The girl I spoke to in ESB advised me to have our meter checked by our landlord to make sure its working which I am going to do but in the meantime I am wondering if we are going wrong anywhere in relation to usage and would appreciate any help you can offer in this regard:

1. We have a storage heater for heating water which seem to be common to apartments but I have never used one before and don't know if we are getting the best use out of it - we have this timed to come on from 6 - 8 in the evening to ensure we have hot water when we need it. Is this too much or should we be setting at a different time of the evening when usage is cheaper?.

2. Can someone explain to me what the nightsaver option is and is it worth having?.

3. I am trying to think of other items which could be running up the bill. Any advice on what to watch out for so we can be careful in future?. I have a laptop and the battery is not great on it which means I almost constantly have it plugged in when I use it  - which would be about 2 hours every evening - I have a feeling this could be contributing to the high ESB bill, am I right?.

We don't use the electric heaters that often as the apartment is warm anyway- maybe 2 hours a week tops - just to dry clothes

Sorry for all the questions guys, but I really hope someone can help. This is our first time living out of home so we're not used to all this bills malarky


----------



## Hoagy (22 Mar 2008)

*Re: Another ESB Complaint!!*

Firstly it sounds like you're paying off some units that were on the meter before you moved in.

Secondly you'll need to tell us what sort of heaters you have.

Don't worry about the laptop, consumption is tiny.  You can leave it plugged in all the time.


----------



## Sue Ellen (23 Mar 2008)

*Re: Another ESB Complaint!!*

You may find something useful  here [broken link removed]


----------



## Calico (23 Mar 2008)

*Re: Another ESB Complaint!!*

It doesn't sound that high to me but the my esb bills are astronomical from whatever I'm using !


----------



## sandrat (23 Mar 2008)

*Re: Another ESB Complaint!!*

our last esb bill was 84 euro for 2 months and we live in a 3 bedroom house. Granted our heating is gas but last gas bill was also around 80 euro. We have energy saving lightbulbs in every room and A applicances all over the house. Maybe there is an immersion in the hotpress that has been left on to heat the water aswell as the storage heater heating the water?


----------



## Marianne S (23 Mar 2008)

*Re: Another ESB Complaint!!*

Re the nightsaver rate: Check the ESB box, if you have 2 meters marked "day" and "night" then you get half price units at night time. If you don't have it it has to be installed and it's not cheap, I wouldn't bother looking into it if you're only renting although you could mention it to the landlord.

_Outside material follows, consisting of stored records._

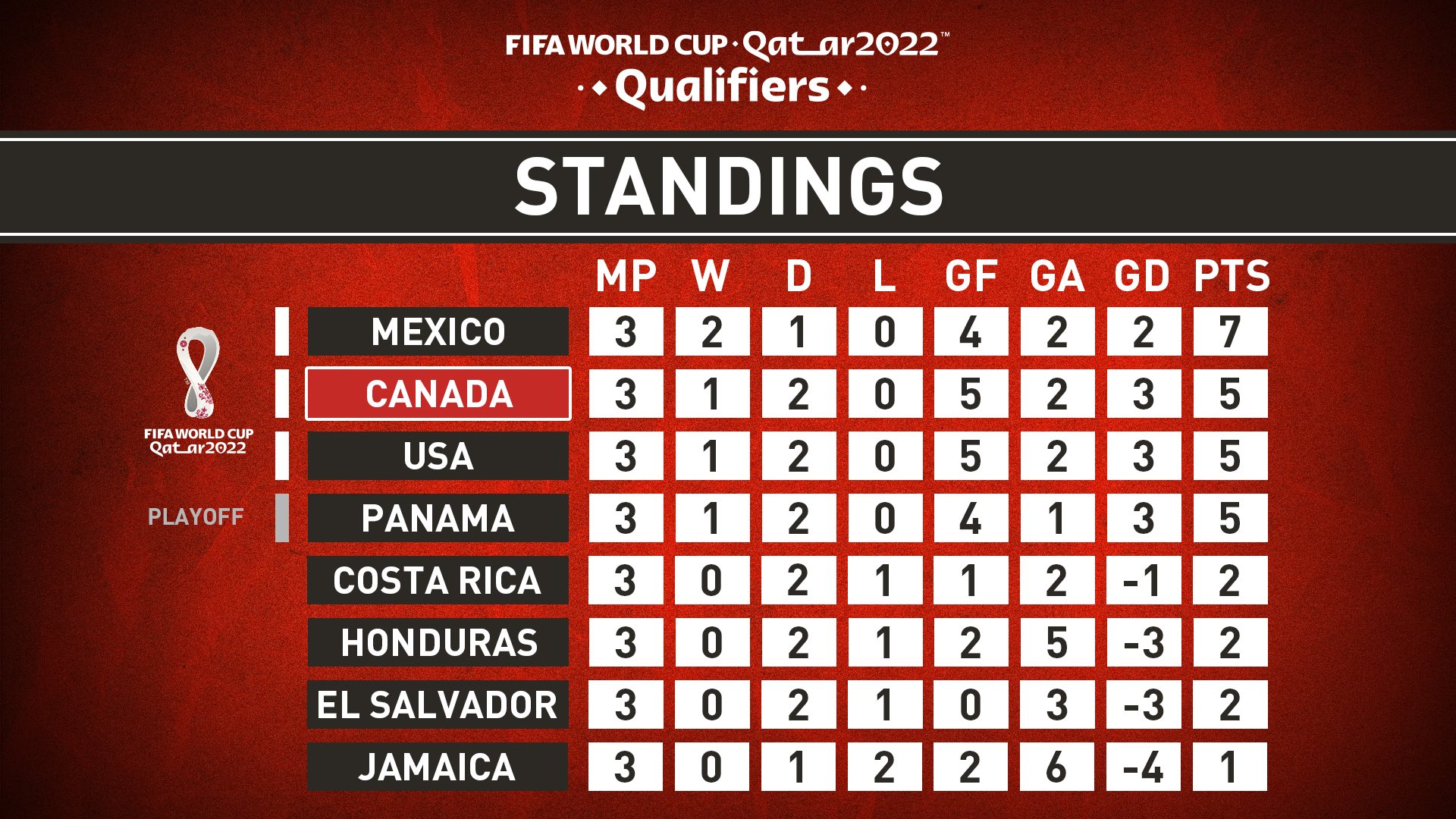 World cup concacaf qualification table. Detailed info include Goals Scored Top Scorers Over 25 FTS BTTS Corners Clean Sheets. Keep up to date with the latest CONMEBOL Qualification score CONMEBOL Qualification results CONMEBOL Qualification standings and CONMEBOL Qualification schedule. CONCACAF World Cup qualifying will grant three automatic berths to the Qatar 2022 World Cup.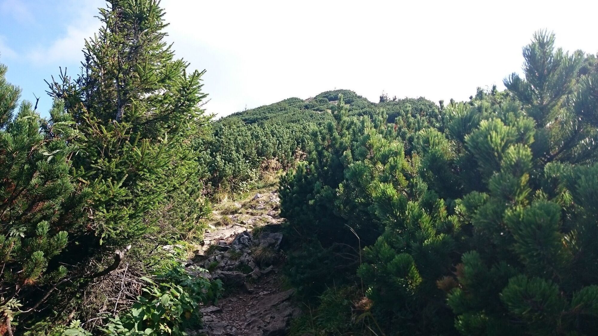 Im Abstieg benützt man vorzugsweise den nach dem "Weißen Mäuerl" rechts abzweigenden, weniger steinigen, aber etwas feuchten "Hangweg" über Rasenhänge und durch Latschengassen zur Wiesmahd.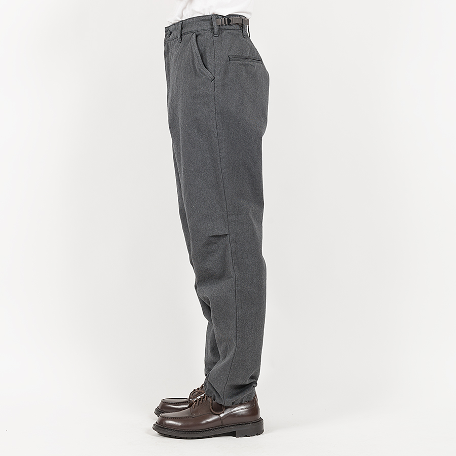 ポイント、自由にテーパードシルエットを作り出せます。秋冬はフロントをファスナーに。ウェストの調整バックルがあ

The night rate kicks in at different times during the winter and summer, I think it's around 11 o'clock. This means you should put your dishwasher, washing machine, tumble dryer on at night because the night time units are Half Price. You should also set your immersion to come on in the morning instead, we have ours set for an hour in the morning from 6-7, sometimes we turn on the boost in the evening for about 15 mins if we've a lot of washing up to do.

If you have the night meter you probably have storage heaters as radiators, these heat up at night time (using cheaper electricity units) and store the heat in the heater and it comes out gradually during the day (that's the theory anyway, usually it all comes out by the afternoon!). There should be 2 switches on the wall beside the heater, one is for the storage heating, the other is for the bost where the heat comes out of a fan at the bottom. Is it possible that the apt is always warm becasue the storage heating is on? Feel the top of the heaters, if they are warm/hot then the storage is on, you can turn it off at the wall.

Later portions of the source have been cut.